Last night, Elise and I went to buy a few bottles of cachaça
to stuff stockings with back in the States, before grabbing a bite out. We
ordered two caipirinhas and sat beside each other, looking out the front door
of the cachaçeria across the street at a hair salon and a Chinese restaurant.
Twilight was falling, and I was thankful Elise has bought a new pair of green
woven shorts and also that she was wearing them as a clear demonstration of her
objectively amazing legs. I was thankful that we didn’t have anywhere else we
needed to be at that particular moment and that we could stay as long as we
wanted, within reason. Later we would go
to Coco Bambu for dinner. It is a pretty fantastic feeling to go to a packed
restaurant in Brazil and have every man in the room checking out your wife. I
am thankful that she writes me notes to remind me of the things I would
otherwise forget. I am thankful that we will have two months off together
before we move back to Washington DC and I am looking forward to going back. I
love it there. I love living there. I like that it is close to Baltimore which
reminds me of the time I first set off on my own, and Washington DC is familiar
enough to not be scaring, but foreign enough to still (ironic, I know) feel
like Elise and I are off on our own just being there.

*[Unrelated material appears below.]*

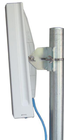
EZ-Bridge-LT+HD™ tool-less installation

I am thankful for Brazil. I will be sad to leave. I know I
will miss it, and we remind ourselves that, now, we are all (especially
Clementine) a little Brazilian. I hope we will return. I think we will. And if
we do, I hope that we, the kids especially, will pick right up where we left
off. I think of the pictures Elise took in June in Rio of Pete and Sam in front
of Dois Irmãos on Ipanema beach and I have visions of them as long-legged,
poofy-haired, razor-thin fourteen and sixteen year-olds clamoring out of our
apartment in Rio, sprinting down toward the beach, a soccer ball comfortably
tucked under the crook of their elbows, fluently chattering in Portuguese to
the beach vendors and joggers and Brazilian girls in bikinis they pass. Though
leaving Brazil is bittersweet, I am thankful for this lifestyle. I hope it
continues to be this good to us. I think it will, as it is all a matter of
perspective, and Elise and I are not difficult to please. I know it will not
disappoint and I know that we will feel the same when we have to leave India,
and then we will tell ourselves that we are all now, a little bit American, a
little bit Brazilian and a little bit Indian.